From 8th to 14th April, Chef Tokukatsu Toh is taking over the kitchen at Lai Po Heen, Mandarin Oriental Kuala Lumpur to present his brand of Chuka cuisine to local gourmands.
If you’re a fan of both Japanese and Chinese food, then you must try Japanese-Chinese cuisine, also known as Chuka cuisine. Popularised in Japan in the late 19th century, Chuka cuisine typically consists of dishes that originated from China but have been adapted to suit the Japanese palate.
And who better to present this harmonious marriage of gastronomic influences than a Japanese master chef specialising in Cantonese cuisine? Chef Tokukatsu Toh fits the bill and more, being the third generation in his family to be trained in Chinese culinary arts.
His career speaks for itself.

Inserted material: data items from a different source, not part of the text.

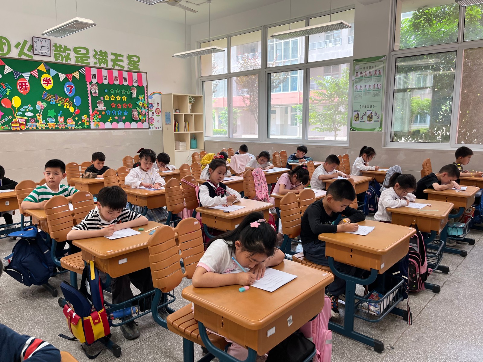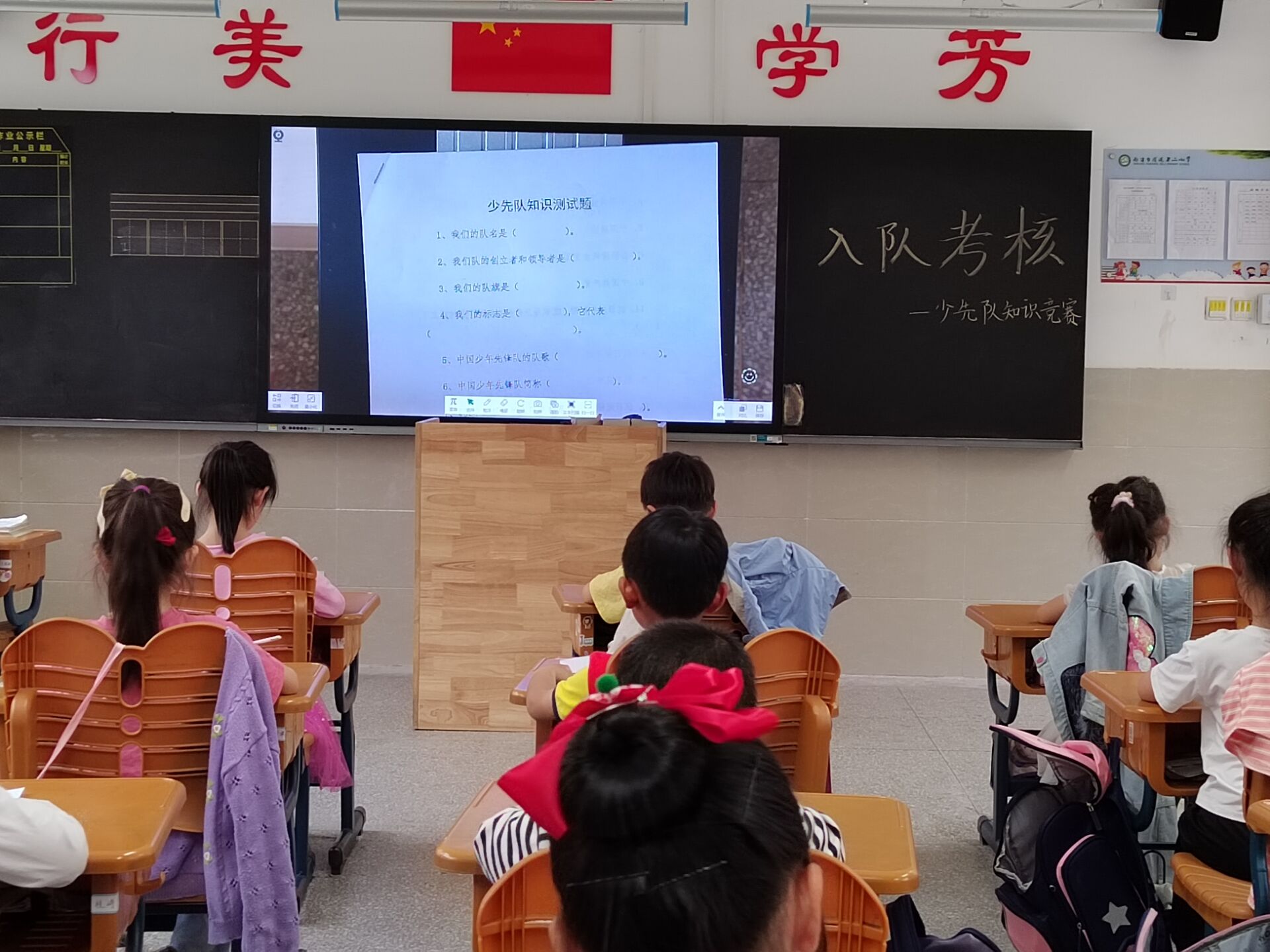 答题时,一年级的学生们自信满满,认真读题,用心答题,为成为一名合格的少先队员而努力。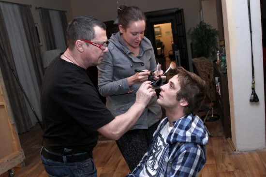 Přestože fotky vypadají dost děsivě, natáčení bylo mnohem jednodušší než třeba zmíněný zápas v boxerském ringu. Největší práci s tímto obrazem měli maskéři. A Šimon, tedy Petr Konáš, se v něm nemusel starat o žádný text ani o obranný postoj. Jen musel věrohodně chrčet.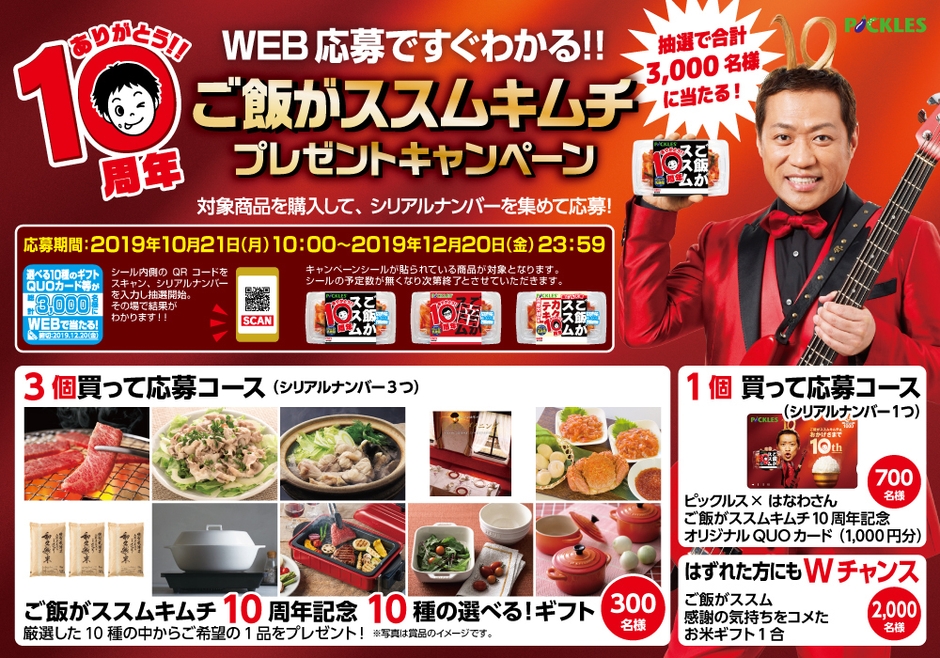 株式会社ピックルスコーポレーション(本社:埼玉県所沢市、代表取締役社長:宮本 雅弘)は、2019年10月21日から「ありがとう!!10周年 ご飯がススム キムチプレゼントキャンペーン」を全国で実施いたします。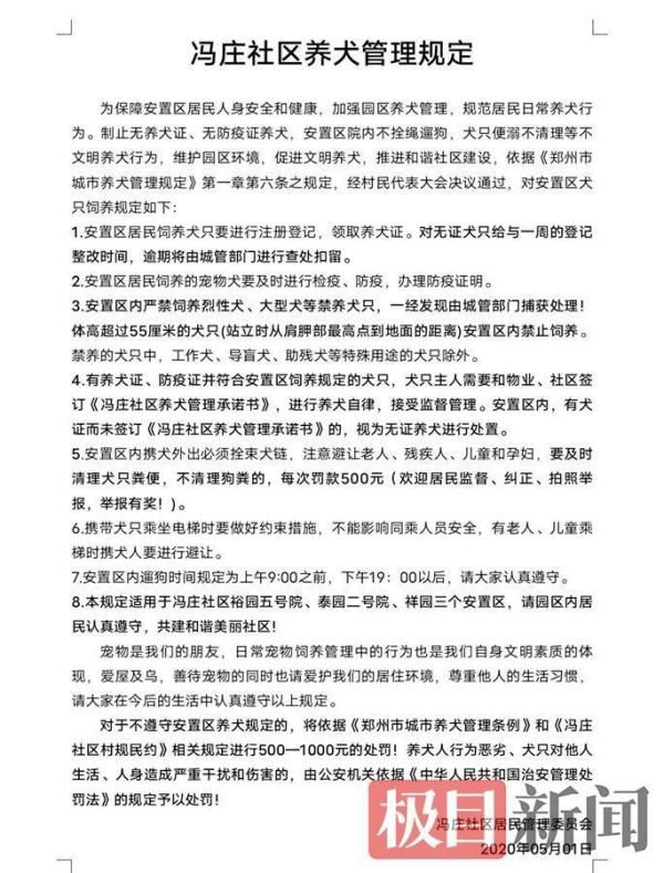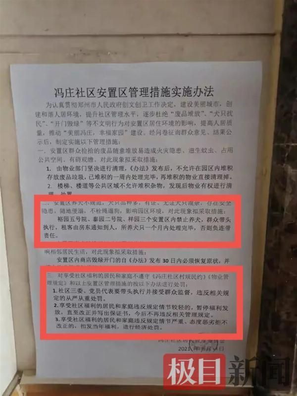 另 一张《冯庄社区安置区管理措施实施办法》显示,裕园五号院、泰园二号院、祥园三个安置区内禁止养犬,群众带头执行,租客由房东通知到人,所养犬只一个月内 治理完毕,否则负连带责任。该《办法》最后一段还显示,对享受社区福利的居民和家庭不遵守《冯庄社区村规民约》《物业管理规定》和以上安置区管理措施的, 视情节轻重,会受到暂停社区福利发放、扣发当年福利等处罚,落款时间为9月23日。

The Asakusa-born, Yokohama-bred chef cut his teeth at Kokiden Chinese Restaurant in Sunshine Prince Hotel, Japan before joining Kokyu Chinese Restaurant at Shin Yokohama Prince Hotel for 15 years. He continued to hone his skills at Ryutenmon, The Westin Tokyo in 2012 and was later appointed the Chief Chef of Michelin-starred Sense Restaurant at Mandarin Oriental, Tokyo in 2014.

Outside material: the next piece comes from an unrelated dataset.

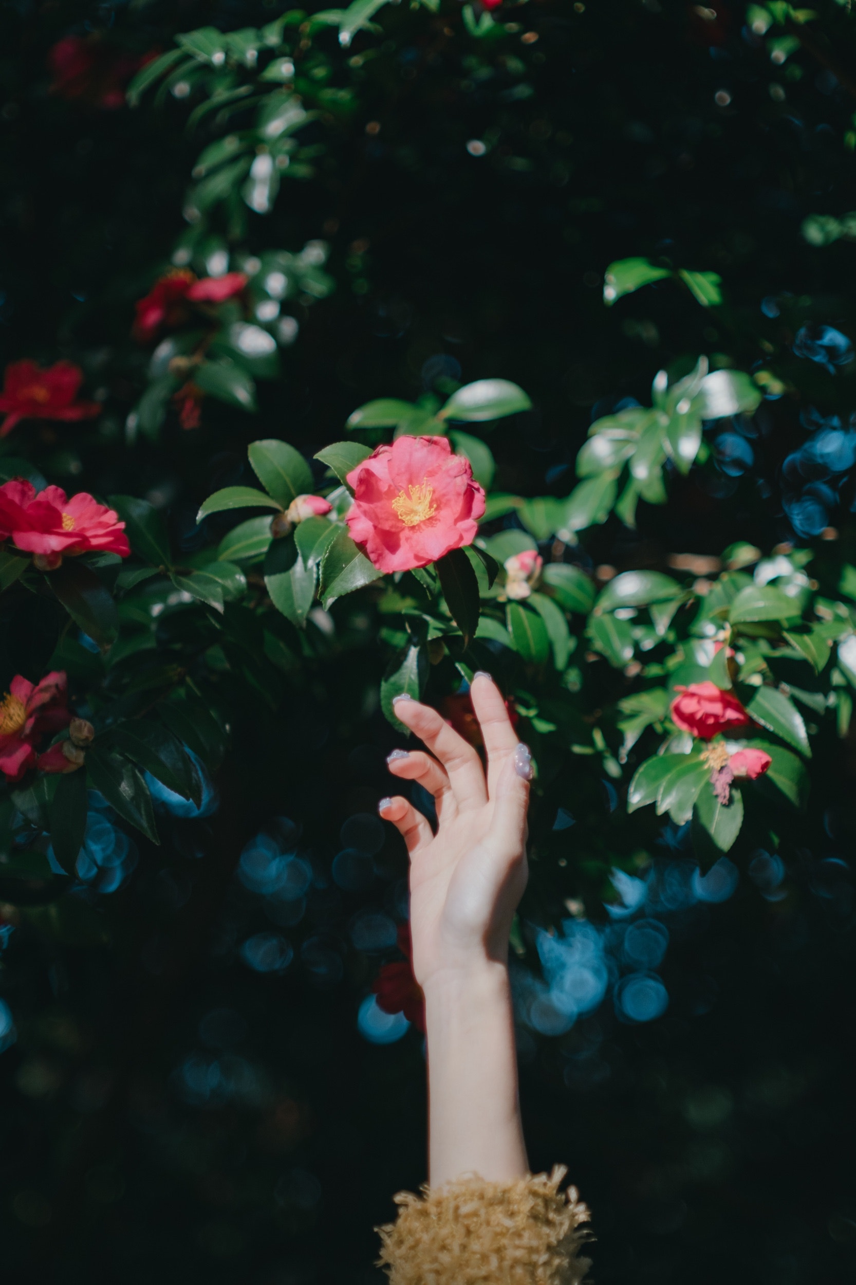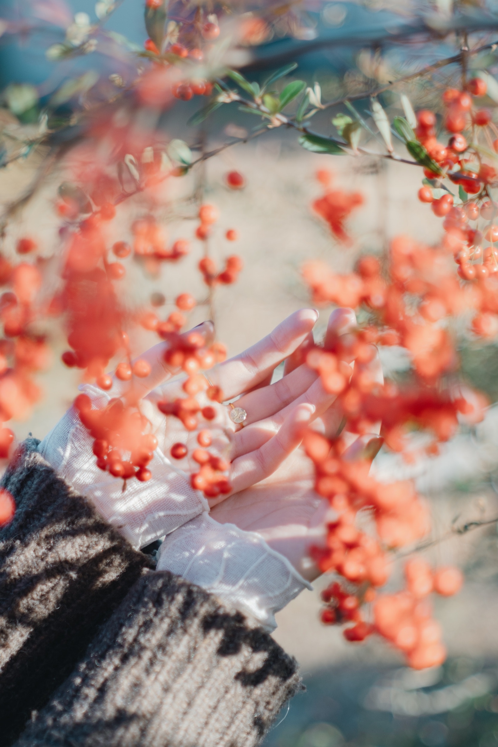 手を伸ばすと柔らかな光が生み出すピラカンサの影。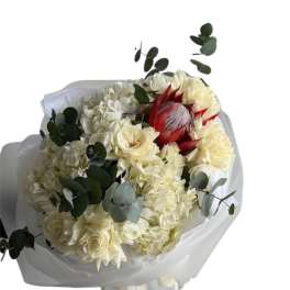Price: $133.00 Delicate, small bouquet of hydrangea, white roses, dianthus and eucalyptus Product Tags: Same-day Delivery

Just last year, the chef moved on to establish his own restaurant, ‘KISEKI JPAN’,A in the Kanagawa prefecture. He has also undergone culinary training at several luxury hotels in Hong Kong and China, including The Westin Beijing, The Westin Guangzhou, The Westin Chosun and Le Meridien Hong Kong.
From 8th to 14th April, Chef Toh is taking over the kitchen at Lai Po Heen, Mandarin Oriental Kuala Lumpur to present his brand of Chuka cuisine to local gourmands. Guests can enjoy his specially curated lunch and dinner set menus or order from an a la carte menu featuring signature dishes such as Jasmine Tea Smoked Golden Pomfret in Honey Sauce and Tan Tan Noodles Japanese-Style with Minced Chicken.

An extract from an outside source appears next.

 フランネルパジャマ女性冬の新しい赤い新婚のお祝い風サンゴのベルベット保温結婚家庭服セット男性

For an idea of what to expect, take a look at the Emperor & Empress 6-course set menu we got a chance to taste.
Grilled tuna with seasonal vegetables and avocado
Don’t mistake this for your average appetiser as it comes with three generous cuts of grilled tuna – fresh and flavourful, no less. Try it with the soy sauce for a sweeter smack or the peanut sauce for an extra nutty bite in between helpings of salad on the side.
True to its name, this bowl promises to satisfy with large portions of seafood treasures including scallop, uni and prawn. The tobiko topping adds tiny bursts of umami to every spoonful of broth, while a layer of steamed egg (with the familiar texture of chawan-mushi) at the base helps to balance off the strong seafood flavours.
Jasmine smoked golden pomfret with honey sauce
After removing the overturned martini glass arriving with the dish, a (little too) strong whiff of smoke greets the nose before a perfectly smoky pomfret impresses the palate. Chef Toh clearly appreciates tobiko and edible flowers, as seen in the first dish and again sitting atop the crispy fish skin here. No complaints though, as the combination makes for a well-rounded dish.
Pan-fried beef loin with vegetables and wasabi jelly sauce
Next is a tender cut of beef loin served with an intriguing ‘wasabi jelly’ that tastes more acidic than spicy. Be sparing with the jelly and add a hint of fresh wasabi to go with the meat for a more familiar taste of Japan.
Brothless “tantan” noodles
A prime example of a Chinese dish that’s popular in Japan is the “tantanmen”, reminiscent of Sichuan noodles. Chef Toh prepares it the Japanese way with chilli oil and sesame paste but sans broth for a spicy and nutty carb fix – a must-have in every Asian meal.
Caviar and sesame soymilk pudding
Dessert brings to mind the slightly sweet and nutty aromas of almond pudding, except it’s made with sesame soymilk. We don’t recommend mixing the caviar with the pudding, however, as its sharp, briny character can easily throw the flavours off balance. Enjoy it on its own for a comforting finale.